Please, find the sosreport of the BM server in the following link: http://file.mad.redhat.com/eolivare/BZ1890895/sosreport-panther23-BZ1890895-2020-10-23-dfuycbv.tar.xz
If this is easily reproducible, please set the kvm_intel.dump_invalid_vmcs=1 module option in the L1 compute host and see if there is a dump in the dmesg log right after L2 fails. Thanks!
(In reply to Paolo Bonzini from comment #10) > If this is easily reproducible, please set the kvm_intel.dump_invalid_vmcs=1 > module option in the L1 compute host and see if there is a dump in the dmesg > log right after L2 fails. Thanks! To enable it [NB: the below works when /dev/kvm not in use; i.e. VMs must be shutdown]: $> sudo rmmod kvm-intel $> sudo modprobe kvm-intel dump_invalid_vmcs=y $> cat /sys/module/kvm_intel/parameters/dump_invalid_vmcs Y
I can not start my guest with -m 128 , is there any special settings in the guest ?

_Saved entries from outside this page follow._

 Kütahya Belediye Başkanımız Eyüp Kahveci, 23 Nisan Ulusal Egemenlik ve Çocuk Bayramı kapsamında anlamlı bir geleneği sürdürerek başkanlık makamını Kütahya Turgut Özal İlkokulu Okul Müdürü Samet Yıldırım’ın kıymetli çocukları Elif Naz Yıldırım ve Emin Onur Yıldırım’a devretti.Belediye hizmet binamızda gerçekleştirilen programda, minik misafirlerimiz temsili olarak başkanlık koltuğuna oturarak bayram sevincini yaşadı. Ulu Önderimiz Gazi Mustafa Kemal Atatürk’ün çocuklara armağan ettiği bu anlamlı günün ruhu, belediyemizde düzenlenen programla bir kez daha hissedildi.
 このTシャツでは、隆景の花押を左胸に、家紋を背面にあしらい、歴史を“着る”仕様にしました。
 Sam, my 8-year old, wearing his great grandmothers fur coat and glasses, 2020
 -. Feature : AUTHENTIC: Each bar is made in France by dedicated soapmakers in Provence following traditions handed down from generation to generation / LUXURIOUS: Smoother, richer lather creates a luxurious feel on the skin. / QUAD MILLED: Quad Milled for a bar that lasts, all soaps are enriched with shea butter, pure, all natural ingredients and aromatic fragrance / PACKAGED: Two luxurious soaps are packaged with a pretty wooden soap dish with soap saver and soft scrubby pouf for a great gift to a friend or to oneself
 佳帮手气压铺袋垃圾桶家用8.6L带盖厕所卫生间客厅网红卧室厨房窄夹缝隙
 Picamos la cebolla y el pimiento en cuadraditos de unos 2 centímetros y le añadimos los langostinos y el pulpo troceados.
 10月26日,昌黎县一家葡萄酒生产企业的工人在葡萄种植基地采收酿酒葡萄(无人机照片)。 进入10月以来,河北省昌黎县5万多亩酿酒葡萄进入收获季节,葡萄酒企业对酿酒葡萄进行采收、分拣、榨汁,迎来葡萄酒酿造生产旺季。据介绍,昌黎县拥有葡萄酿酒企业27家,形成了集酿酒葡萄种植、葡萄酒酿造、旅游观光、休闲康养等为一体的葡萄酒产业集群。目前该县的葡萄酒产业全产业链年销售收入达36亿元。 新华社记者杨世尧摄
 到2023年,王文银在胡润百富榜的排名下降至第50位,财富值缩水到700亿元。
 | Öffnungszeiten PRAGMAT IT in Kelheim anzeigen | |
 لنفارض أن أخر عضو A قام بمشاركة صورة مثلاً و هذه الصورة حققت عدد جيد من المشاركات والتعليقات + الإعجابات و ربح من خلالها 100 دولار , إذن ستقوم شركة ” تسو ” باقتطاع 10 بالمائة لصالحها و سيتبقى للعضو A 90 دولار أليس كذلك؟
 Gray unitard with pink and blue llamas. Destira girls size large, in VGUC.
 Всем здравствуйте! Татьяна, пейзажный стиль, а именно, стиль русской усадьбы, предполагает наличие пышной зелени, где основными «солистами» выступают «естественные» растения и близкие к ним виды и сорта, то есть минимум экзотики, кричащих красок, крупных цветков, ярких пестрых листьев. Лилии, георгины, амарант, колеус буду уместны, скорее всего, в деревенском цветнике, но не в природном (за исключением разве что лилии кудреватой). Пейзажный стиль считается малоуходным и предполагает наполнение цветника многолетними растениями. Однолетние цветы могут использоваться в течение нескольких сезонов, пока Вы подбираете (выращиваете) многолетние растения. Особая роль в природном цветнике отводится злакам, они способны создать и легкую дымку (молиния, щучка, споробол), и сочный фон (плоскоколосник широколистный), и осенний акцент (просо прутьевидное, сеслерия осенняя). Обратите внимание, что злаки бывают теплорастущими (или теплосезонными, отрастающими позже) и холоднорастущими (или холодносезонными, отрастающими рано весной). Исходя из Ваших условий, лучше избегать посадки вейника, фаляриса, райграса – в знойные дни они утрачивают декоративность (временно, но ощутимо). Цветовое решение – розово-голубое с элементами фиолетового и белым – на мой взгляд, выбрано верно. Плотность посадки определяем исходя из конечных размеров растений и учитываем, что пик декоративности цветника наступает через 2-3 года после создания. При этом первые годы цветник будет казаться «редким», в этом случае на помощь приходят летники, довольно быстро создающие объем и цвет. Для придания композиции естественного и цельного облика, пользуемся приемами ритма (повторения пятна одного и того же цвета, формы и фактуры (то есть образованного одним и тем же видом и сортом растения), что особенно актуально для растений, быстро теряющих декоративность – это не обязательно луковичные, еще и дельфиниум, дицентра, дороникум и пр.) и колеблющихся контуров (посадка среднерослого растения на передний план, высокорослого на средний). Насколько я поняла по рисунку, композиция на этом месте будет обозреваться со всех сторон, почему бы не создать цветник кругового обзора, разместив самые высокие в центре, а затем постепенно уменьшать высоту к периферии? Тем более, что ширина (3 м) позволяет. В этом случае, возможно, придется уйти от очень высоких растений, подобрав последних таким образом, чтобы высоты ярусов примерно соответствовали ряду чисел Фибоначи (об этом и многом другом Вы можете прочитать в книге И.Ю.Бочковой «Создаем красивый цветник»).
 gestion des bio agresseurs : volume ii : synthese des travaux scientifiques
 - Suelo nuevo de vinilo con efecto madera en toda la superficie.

re-enabling the needinfo on eolivare to answer Paolo's question in Comment 10 related to how easily reproducible and then to find out if the setup suggested by Paolo and further elaborated by Kashyap in Comment 13 to get more details in dmesg were what was provided in comment 15. It's just not clear. Also, if comment 4 is any indication, this perhaps is a kernel/KVM bug and not a qemu-kvm/general bug. A solution would thus be in RHEL, not RHEL-AV.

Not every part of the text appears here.